(Updated): Shutdown: Panel Seeks To Do What Legislature and Dayton Haven't

Dibble likes both the concept and the character of this panel.

UPDATED 8:50 p.m. July 6 — With the governor and legislature at an impasse, enter what some might label the Superheroes of Sensibility. 

Some of Minnesota’s brightest political minds have put together a bipartisan panel tasked with devising a solution to the state’s $1.7 billion budget gap and ending the state shutdown.

The committee, which will begin its work as early as Wednesday, was created by former Minnesota politicians Vice President Walter Mondale, Gov. Arne Carlson and U.S. Sen. Dave Durenberger.

“We were trying to find people with superb professional backgrounds and exemplary roles in impartial public leadership,” Mondale told reporters Tuesday morning at Minneapolis City Hall.

Members of the committee include:

  • Steve Dille; Co-chair (former GOP state senator)
  • Wayne Simoneau; Co-chair (former DFL state legislator)
  • John Gunyou (city manager of Minnetonka)
  • Jay Kiedrowski (former Finance commissioner under Gov. Rudy Perpich)
  • Jim Campbell (former CEO of Wells Fargo)
  • Kris Johnson (former vice president of Medtronic)
  • Jim Schowalter (current Minnesota Management and Budget commissioner)

“This is as good a group as could have been assembled," Carlson said. "With John Gunyou and Jay Kiedrowski, in particular, we certainly have two of the best finance people in Minnesota history, as far as I’m concerned."

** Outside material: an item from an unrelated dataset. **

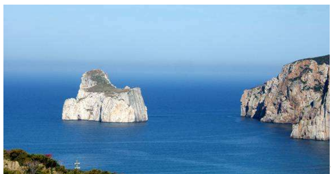
Pan di Zucchero

We did find the lengthy dumps from this famous mine. There was a tremendous amount of material to look at and one day just didn't do it justice. I found both blue and clear hemimorphite , as well as agardite , brochantite , fluorite , philipsburgite , malachite and vesuvianite . The philipsburgite was a particularly excellent sample: tiny blue spheres on blue coated clear crystals. This would be a site well worth visiting again. Because everyone found crystals, it was a good collecting day. We celebrated with a picnic lunch, followed by the Sardinian liqueur, Mirto, courtesy of the Manca Bros.

State Sen. Scott Dibble, a Democrat who represents a piece of Southwest Minneapolis, likes both the idea behind the committee and its composition.

"I think it is a good thing because the people who came up with it," he said. "Those who will hopefully take an active role are highly respected and people who have successfully managed the state during past difficult situations."

The failure of the legislature to do its job this session has necessitated the panel's formation, Dibble said. While the people of the panel are beyond reproach, Dibble said, "this is most likely going to come down to the people of Minnesota."

"The citizens have to apply pressure to open up a space for a resolution to take place," he said. "Compromise must occur because compromise is a big part of the design of the political process in this country."

Carlson and Mondale each stressed the importance of finding a quick solution to the budget impasse—both for the state and people of Minnesota.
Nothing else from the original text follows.